It isn’t the kind of slow that made me irritable or has left me unhappy in any way. If anything, I’ve felt like it was a natural course of required slowing down that I always find being enforced in my life when I am not looking, but when I need it the most.
I’ve been relaxing over the weekends by cycling again. The rain notwithstanding. And as with every monsoon, this year too I have been listening to a lot of music. I don’t know if it’s entirely the weathers doing, but I have been overly emotional. Feeling things I don’t really need to feel. Weeping over things I shouldn’t have to. Ranting about minor annoyances. And just feeling very, very wrung out.
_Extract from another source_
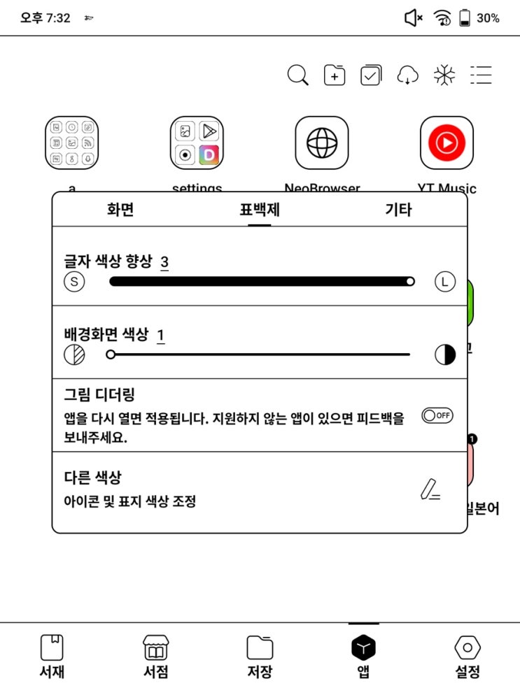ONIX 오닉스 페이지 리프3 이북리더기 설정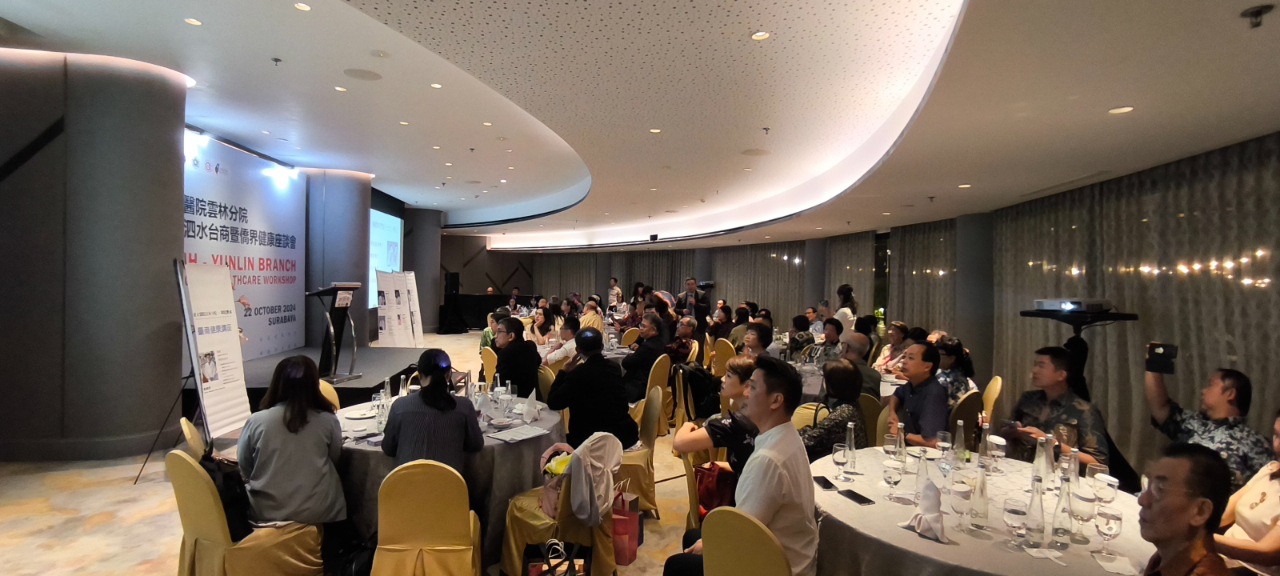 Ten-member of medical representatives from National Taiwan University Hospital Yunlin Branch, led by Superintendent Ma Hui-ming, went to Surabaya and Malang, Indonesia, for an international medical exchange from 2024 October 20 to 26. “NTUH - Personal Healthcare” was held on the evening of the 22nd. Five doctors and one professional explained new medical knowledge and the application of AI technology in medical care. More than 80 guests, Taiwan Business Club members and diaspora members attended the workshop.

The slowness, it just doesn’t seem to leave me. It brings to the surface the restlessness that I thought I had channeled into my work. But somewhere that seems to have gone a bit tits-up, and it calls for a little revision. So I’ve kind of allowed myself to go with the flow. It was a high-emotion month, with low-energy — which results in a lot of heart not keeping up with the head, head not cooperating with the heart. I’ve wanted to do a lot more, but have been unable to get moving. This is possibly the natural order of things, there has to be a low, so we get a chance to rebuild momentum to take things up again. So I’m hoping that this too shall pass.
I’ve started August in the same uninspired mode, finishing up some work from last month that has trickled into this week, thanks to the lethargy. At the end of this week I’m off to Bangalore, and Kerala and hope to be back mid-month, when I will hopefully take stock of things and begin again. If I were to listen to my gut, this is going to be a month of taking it slow again.
It’s hard to think that the same monsoon that’s wreaking havoc in the North East of India has been an essential source, of solace in the west and down south, and closer home, complete and utter joy. If it isn’t already abundantly clear, I’m revelling in the monsoon this year. More than usual. It’s been one of the nicest I have experienced in all my years here. — perpetually damp laundry notwithstanding.
When I began cycling this year, I thought I’d hit upon this absolutely magical thing because it somehow altered the very way in which I experienced my surroundings, my neighbourhood, the streets I’ve been driving around for only the last 6.5 years, and my immediate surroundings in general. Being out in the open like that, using your own physical effort to push yourself forward up climbs, down slopes, speeding down straights, feeling the wind, the sun, the heat, the rain on your body, taking in the smells, observing the sights closer to the ground — millipedes calmly meandering on, dead frogs, just-finished bottled of alcohol from a late-night road-side drinking binge — mountains of trash in the vicinity that you somehow never noticed before, the quirks of lazy passersby, all of this really changes how you take in what you see and feel around you, how you engage with it, and what it comes to mean to you.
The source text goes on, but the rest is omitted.